Кадр из фильма "Джокер" 2019

 

       Но именно этот, ранний этап повествования оказывается проблемным. Проблема сводится к следующему: насколько реально то, что мы видим? – Реально в том смысле, что оно действительно происходит. Вначале сомнений такого рода не возникает. Но с течением времени зритель с удивлением узнаёт, что важнейший эпизод в личной жизни героя (связь с соседкой) был всего лишь его фантазией. Авторы фильма фантастичность происходящего ни коим образом не маркировали. Мир фантазма раскрывался как серия действительных событий, чья реальность – несомненна. Но вот герой (Артур Флек) однажды появляется в квартире близкой ему женщины, и мы с удивлением узнаём, что они не знакомы. Следовательно, всё, что, как нам казалось, было между ними, – это иллюзия и ничего больше. Так в ткань сюжета в качестве главного теневого героя входит онтологическая неопределённость. Теперь вопрос о действительности происходящих событий предстоит решать исключительно зрителю. А это – не столь простая задача, как может показаться.

       Простой пример: на неудачном стендап-выступлении Флека присутствует Софи Дюмон – та самая соседка, отношений с которой у Флека в действительности никогда не было. Более того, после этого концерта Флек и Дюмон ещё мило прогуливаются по улицам вечернего города. Очевидный вопрос: а какова степень реальности самого концерта? Может быть, Флек его всего лишь придумал? Зрителю в данном вопросе приходится брать ответственность на себя. Можно предположить, что концерт состоялся, но Дюмон на нём отсутствовала. Но с той же степенью обоснованности возможно и альтернативное мнение: всё случившееся – это исключительно фантазм Флека.

       Если при принятии того или иного решения по поводу реальности данного эпизода мы попробуем обратиться к самому фильму, то зря: авторы нам ничего не подсказывают.

       Само решение о признании стендап-концерта реальным или вымышленным имеет далеко идущие последствия. Это неудачное выступление Флека было замечено Франклином Мюрреем и Флек был приглашён на его теле-шоу. Если стендап состоялся, то Мюррей был действительно убит. Если стендап – это всего лишь игра депрессивного воображения, склонного видеть неудачу в любом проекте и замысле, то Мюррея никто не убивал. Это тоже – продукт имагинации. И всё, что предшествовало этому событию, и что случилось после него, разыгралось исключительно в сознании Флека.

 

       Та же самая неопределённость проникает и во все другие сюжетные линии и эпизоды фильма. Действительно ли убийство трёх хулиганов вызвало массовую протестную волну в городе? Множество клоунов на улицах и в метро – это реальные люди или фантазмы? Если они реальны, то реальны погромы на улицах и жестокое избиение двух полицейских в метро. Но если это всего лишь фантазм, то маски клоунов, смотрящих с экрана, это – не «лики (анти) революции», это – всего лишь образы душевной болезни.

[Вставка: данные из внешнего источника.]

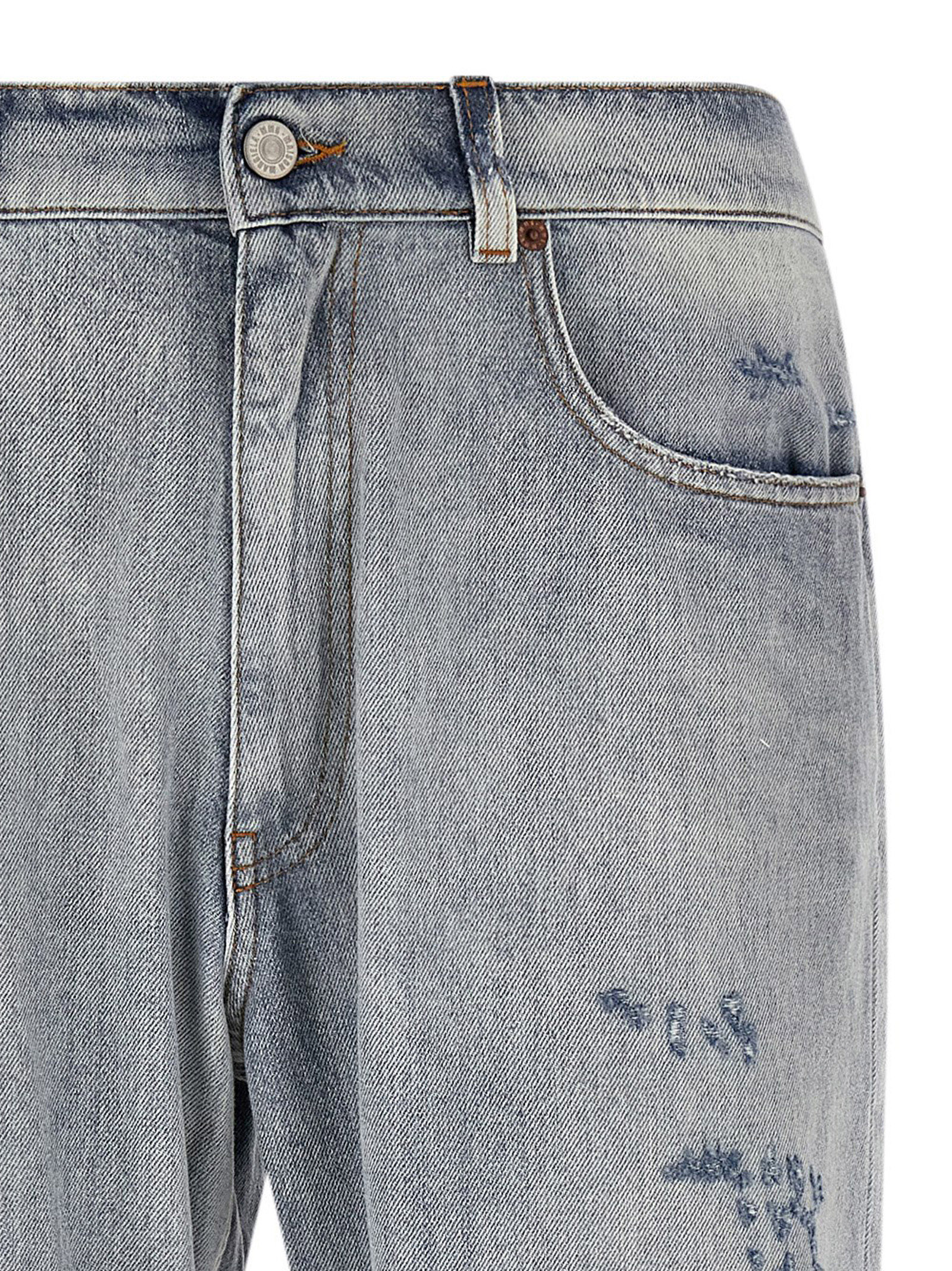 Used-effect stone washed cotton denim jeans with rips and patches, contrast stitching, wide and straight leg, front zip and button closure, five pockets, ‘White Stitch Line’ and back logo tag, split on the leg bottom.

       Онтологическая неопределённость окрашивает собой даже само пространство действия. А Готем-Сити, знаменитый благодаря множеству комиксов, действительно выглядит именно так, как нам его показывают? Или мы смотрим на него глазами всё того же главного героя? Откуда этот мрачный свет? – От теней, которые отбрасывают действительно существующие трущобы и промышленные предприятия, или это – очевидное влияние депрессии и психологического расстройства.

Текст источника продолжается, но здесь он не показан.